As an example, the plant-derived mAb cocktail ZMapp for Ebola virus disease, manufactured by Kentucky Bioprocessing for Mapp bio-pharmaceutical 18 and other partners, and deployed during the Ebola outbreak in West Africa in 2014, was evaluated only in primates infected with the Congolese variant of the virus , with no randomized controlled clinical trial before administration to infected patients under a compassionate use protocol . A conventional NIH-supported clinical study was conducted subsequent to first deployment .Although the fast-track and streamlined review and authorization procedures described above can reduce time-to-deployment and time-to-approval for new or repurposed products, current clinical studies to demonstrate safety and efficacy generally follow traditional sequential designs. Products are licensed or approved for marketing based on statistically significant performance differences compared to controls, including placebo or standards of care, typically generated in large Phase III pivotal trials. One controversial proposal, described in a draft WHO report , is to accelerate the assessment of safety and efficacy for emergency vaccines by administering the medical intervention with deliberate exposure of subjects to the threat agent in a challenge study. Although the focus of the WHO draft report was on vaccines, plant plastic pot the concept could conceivably be extended to non-vaccine prophylactics and therapeutics.

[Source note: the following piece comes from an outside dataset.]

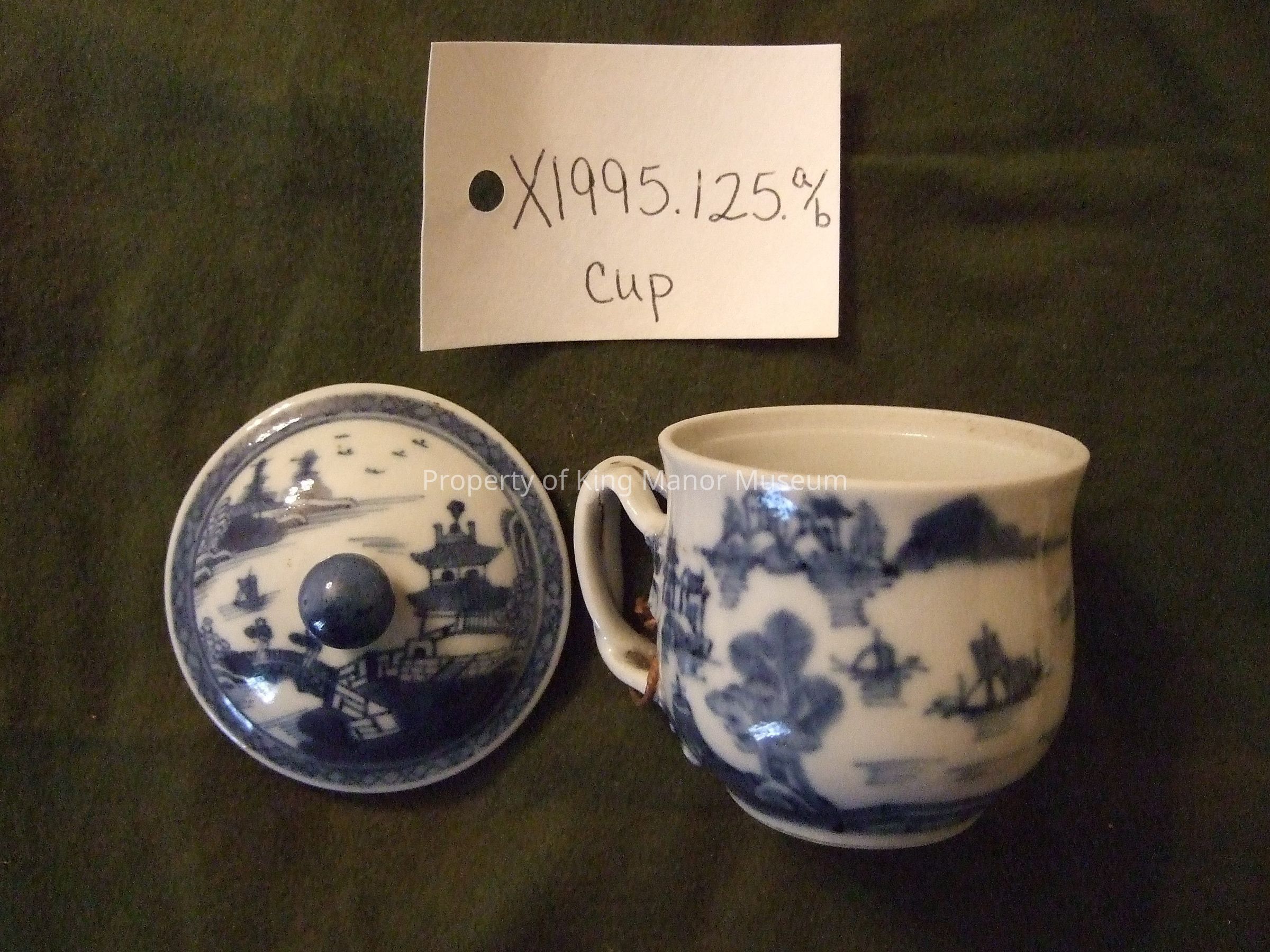 White Chinese export porcelain cup and lid (b) having blue handpainted oriental scene double handles
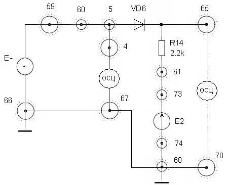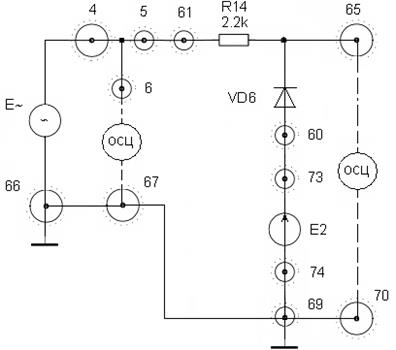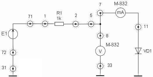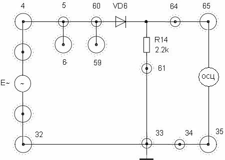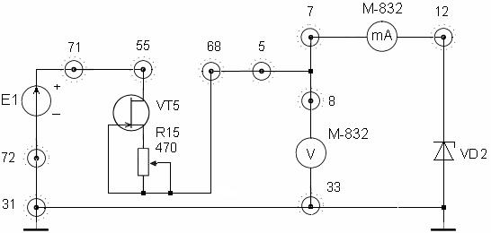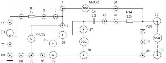 При желании снять ВАХ диода VD6 для последующего ее использования при анализе схем выпрямителей и ограничителей «токовый» М-832 подключается к гнезду 60, а гнездо 64 заземляется на гнездо 34 макета.

Results could be generated quickly as the proportion of treated and control subjects would be known, as would the times of infection and challenge. Challenge studies in humans, also known as controlled human infection models or controlled human infection studies , are fraught with ethical challenges but have already been used to assess vaccines for cholera, malaria, and typhoid . The dilemma for a pathogen like SARS-CoV-2 is that there is no rescue medication yet available for those who might contract the disease during the challenge, as there was for the other diseases, putting either study participants or emergency staff at risk .In the EU, the current regulatory environment is a substantial barrier to the rapid expansion of PMP resources to accelerate the approval and deployment of products and reagents at relevant scales in emergency situations. A recent survey of the opinions of key stakeholders in two EU Horizon 2020 programs , discussing the barriers and facilitators of PMPs and new plant breeding techniques in Europe, indicated that the current regulatory environment was seen as one of the main barriers to the further development and scale-up of PMP programs . In contrast, regulations have not presented 18Mapp bio-pharmaceutical website. Realizing current national and global needs, regulatory agencies in the United States, Canada, the EU, and the United Kingdom have drastically reduced the timelines for product review, conditional approval, and deployment. In turn, the multiple unmet needs for rapidly available medical interventions have created opportunities for PMP companies to address such needs with gene expression tools and manufacturing resources that they already possess. This has enabled the ultra-rapid translation of product concepts to clinical development in record times – weeks to months instead of months to years – in keeping with other high-performance bio-manufacturing platforms.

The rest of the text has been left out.